Monday Links

– U.S. Army Staff Sgt. Robert Bales has been sentenced to life in prison without parole for murdering 16 Afghan civilians–nine of them children–in Kandahar Province on March 11, 2012.

U.S. Army Private Bradley Chelsea Manning was sentenced last week to 35 years in prison–an absurd sentence on top of an unjust prosecution, particularly since neither Manning nor WikiLeaks has been shown to be responsible for a single U.S. military death.

– The controversy over the Sochi Winter Olympics continues: The Russian government confirmed earlier this month that its ban on “gay propaganda” will be enforced against visiting athletes and spectators at the Winter Olympics. Russia’s Sports Minister, meanwhile, has accused the western media of trying to stir up controversy where none exists. And, in a letter to the International Olympic Committee, Russia’s Deputy Prime Minister defended the law, claiming that it “cannot be regarded as discrimination based on sexual orientation” since it applies equally to everyone–gay or straight (that’s like banning Bibles and then claiming that it’s not discriminatory to Christians because atheists are forbidden from having Bibles as well). And now, Russian President Vladimir Putin has issued a decree banning any public protests or demonstrations in Sochi before, during, or after the Olympics.

– Just to keep things in perspective: 76 Countries Where Anti-Gay Laws Are as Bad as or Worse than Russia’s.

– Several members of the satirical Church of the Flying Spaghetti Monster (also known as “Pastafarianism”) were arrested while marching in St. Petersburg, Russia, earlier this month–at the urging of a Russian Orthodox group calling itself “God’s Will”, whose leader accused the Pastafarians of committing “blasphemy” against Christianity.

While overseeing a dispute over a 7-month-old baby’s last name, a Tennessee judge took it upon herself to change the child’s first name from Messiah to Martin because, in her words, “The word Messiah is a title and it’s a title that has only been earned by one person and that one person is Jesus Christ.” Goddammit.

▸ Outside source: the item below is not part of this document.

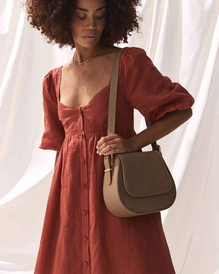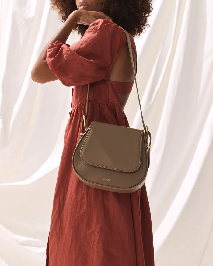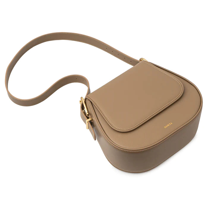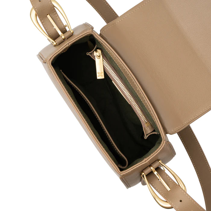 The Elias is a clean and chic bag that has been designed to fit all the daily essentials. The streamline body features a simple magnetic closure flap. The highlight of the bag is the custom designed brushed gold buckle and belt keeper that feature on both sides of the bag meaning that the shoulder strap is easily adjustable at both ends.
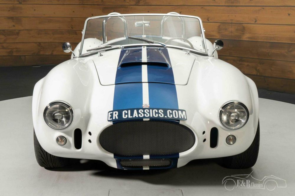 De Cobra Replica die we hier te koop aanbieden is een echte eyecatcher. Van het witte lakwerk met de racing stripes tot aan de lichtmetalen sportvelgen en de sidepipes. Het totaalplaatje van deze muscle car klopt helemaal. Het interieur verkeert in een nette staat en is uitgerust met donkerblauwe kuipstoelen met rode veiligheidsgordels.

Indian doctor and anti-superstition activist Narendra Dabholkar was gunned down last week in Pune. Dabholkar had in the past received death threats for lecturing against superstition and religious extremism, and its very likely that his murder was related to his activism.

The Minnesota Supreme Court has overturned the felony assault conviction of a gay HIV-positive man who transmitted the disease to his partner. Daniel James Rick was prosecuted under a state law prohibiting the “knowing transfer of a communicable disease” after his sexual partner tested positive for HIV. Seeing as both men knew Rick was HIV-positive and chose to have unprotected sex anyway, the Court made the right call. This prosecution was based on nothing but old-fashioned homophobia guised as concern for public health.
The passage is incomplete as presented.